Una familia fiel a la Retreta

Una familia fiel a la Retreta

Tres generaciones de la sociedad Celedón tocarán en la Tamborrada de adultos y en la ‘txiki’ para seguir una tradición que pasa de abuelos a nieto

Daniel González

Jueves, 27 de abril 2017, 11:19

Para José Manuel Pereda conseguir que sus nietos se apuntasen a la Tamborrada infantil se convirtió hace años en una prioridad inaplazable. No en vano, estar presente en este acto -en su caso, en la de los adultos- se había convertido en una tradición familiar que debía continuar con los txikis de la familia. Y para lograrlo, recurrió a una técnica muy sutil. «En el coche siempre llevo música de la Tamborrada vitoriana y se la pongo cuando van conmigo. Desde pequeños ya les metía la idea en la cabeza», reconoce con una sonrisa. En el momento en el que los veía marcar el ritmo con los dedos sabía que lo había logrado «y que lo íbamos a poder meter rápidamente».

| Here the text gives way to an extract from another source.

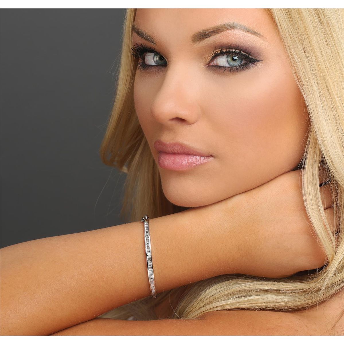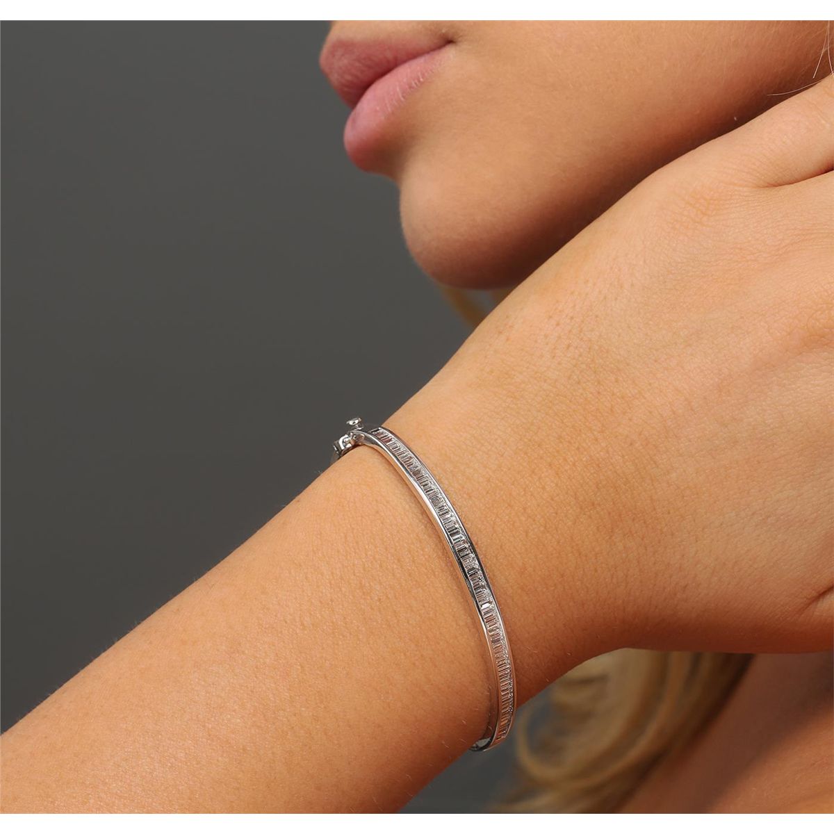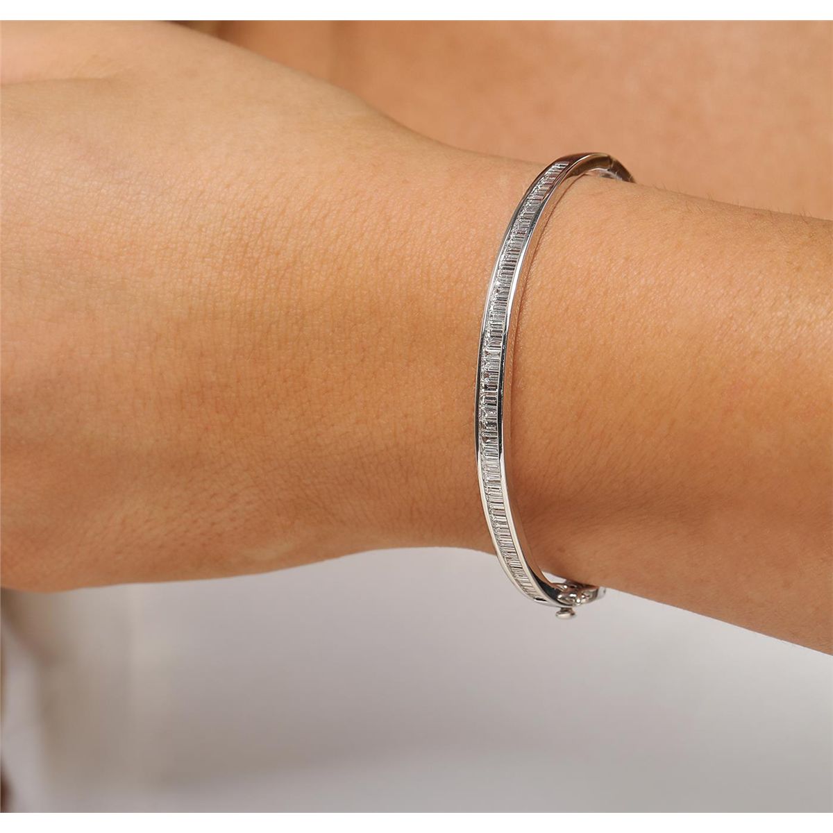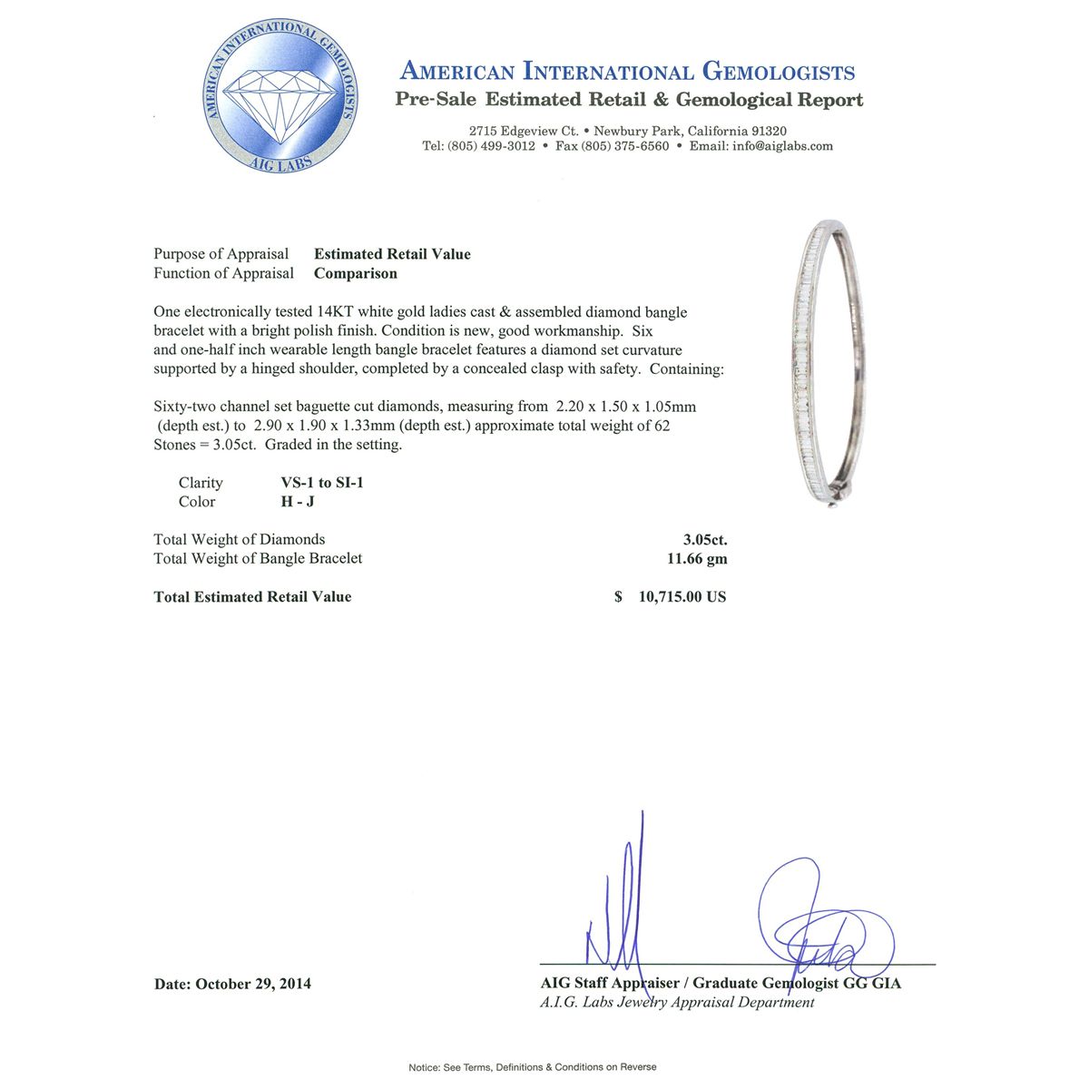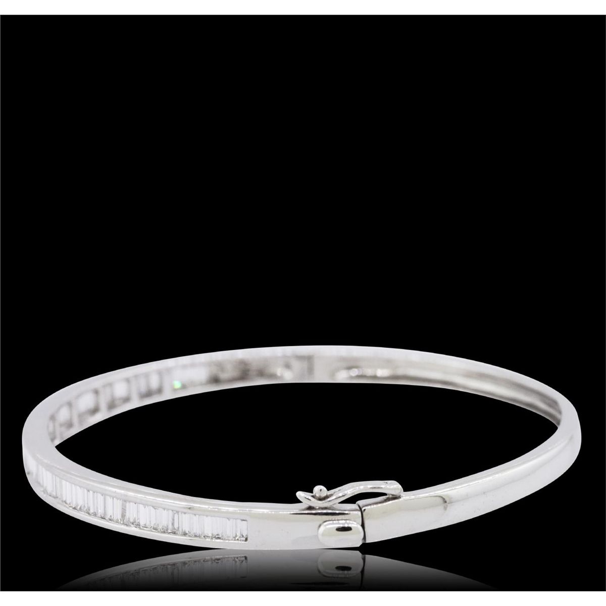 One electronically tested 14KT white gold ladies cast & assembled diamond bangle bracelet with a bright polish finish. Six and one-half inch wearable length bangle bracelet features a diamond set curvature supported by a hinged shoulder, completed by a concealed clasp with safety. Condition is new, good workmanship. Containing: Sixty-Two channel set baguette cut diamonds, measuring from 2.20 x 1.50 x 1.05mm (depth est.) to 2.90 x 1.90 x 1.33mm (depth est.) approximate total weight of 62 Stones = 3.05ct. Graded in the setting. Clarity: VS-1 to SI-1. Color: H - J. Total Weight of Diamonds 3.05ct. Total Weight of Bangle Bracelet 11.66 grams. AIG Appraised at $10,715.00.

El primero en caer fue Egoitz, hace cuatro años, y su hermano Aratz no tardó en seguir sus pasos. Y con dos añitos su primo Ander se hizo incondicional del tambor. Los tres pequeños son la tercera generación de una familia muy fiel a la Retreta, porque antes, la hija de Pereda, Soraya, entró con 18 años, primero de majorette y después de cantinera. Y, cómo no, poco después su marido Álvaro Ruiz se sumaba a la tradición familiar. Así que este veterano miembro de la sociedad gastronómica Celedón -toda la familia es socia- puede sentirse orgulloso de sumar siete familiares a esta fiesta. Porque para él, entrar en tan importante evento fue el «mejor regalo» que pudo hacerle su cuñado, Venancio Díez.

Para José Manuel, el lío empezó en 1986. «Desde entonces no he fallado ni un año», asegura. «Si (Venancio) me llega a dar dinero, no le habría apreciado tanto como por esto, porque la Tamborrada vitoriana es fabulosa. Para mí, la mejor», asegura. Y eso que durante cerca de tres lustros fue como invitado a la de San Sebastián. «Fue una ilusión tremenda». Pero a la hora de escoger, barre para casa. Con el bombo a cuestas, cada año marca el ritmo en la plaza de la Provincia. A sus 62 años, no imagina el momento que deba dejarlo. «Espero seguir todo lo que pueda. Siempre que me dejen», bromea. Además, siempre se ha esforzado en sumar a más familiares, y cuando alguno se daba de baja enseguida cubría su vacante. «Los que entran por los que salen», asegura, con la vista puesta en superar los ocho miembros.

34 años saliendo

El propio Venancio no podía imaginar que la invitación a su cuñado se convertiría en toda una saga de tamborileros. Después de 34 años saliendo en la Tamborrada con su barrilete, el orgullo de ver lo que ha logrado es su mayor recompensa. Su primera vez en la plaza fue tan emocionante que acabó enganchado y metido de lleno en la comisión organizadora. «Ahora ha crecido mucho y hay muy buen ambiente en las sociedades», reconoce. Con más de 400 personas marcando el ritmo de la Retreta cada año, para él vivirla desde dentro es un privilegio. Y con 66 años tampoco piensa en retirarse, aunque el relevo está asegurado. Quizá por el compartimento secreto de su instrumento, donde esconde una poción secreta muy fresquita: pacharán casero «para mí y los de alrededor».

En el caso de Soraya y Álvaro la satisfacción es triple al ver a su hijo Ander encarar su segundo año en la Tamborrada. Ella tuvo que esperar al año 2000, cuando cumplió los 18, para cumplir su sueño. «Y ahora el peque y sus primos ya están metidos», celebra. En el caso de su marido Álvaro, al entrar a formar parte de la familia primero le llevaron a la sociedad gastronómica. De ahí saltó, en 2006, a la Tamborrada, y fue la prueba de fuego con el barril. Consciente de la importancia familiar, «ese primer año fue muy especial. Lo viví con incertidumbre de qué debía hacer y si se notaría mucho si salía mal El resto de años ha sido todo más natural», evoca. Y ahora no imagina un San Prudencio sin ponerse el traje.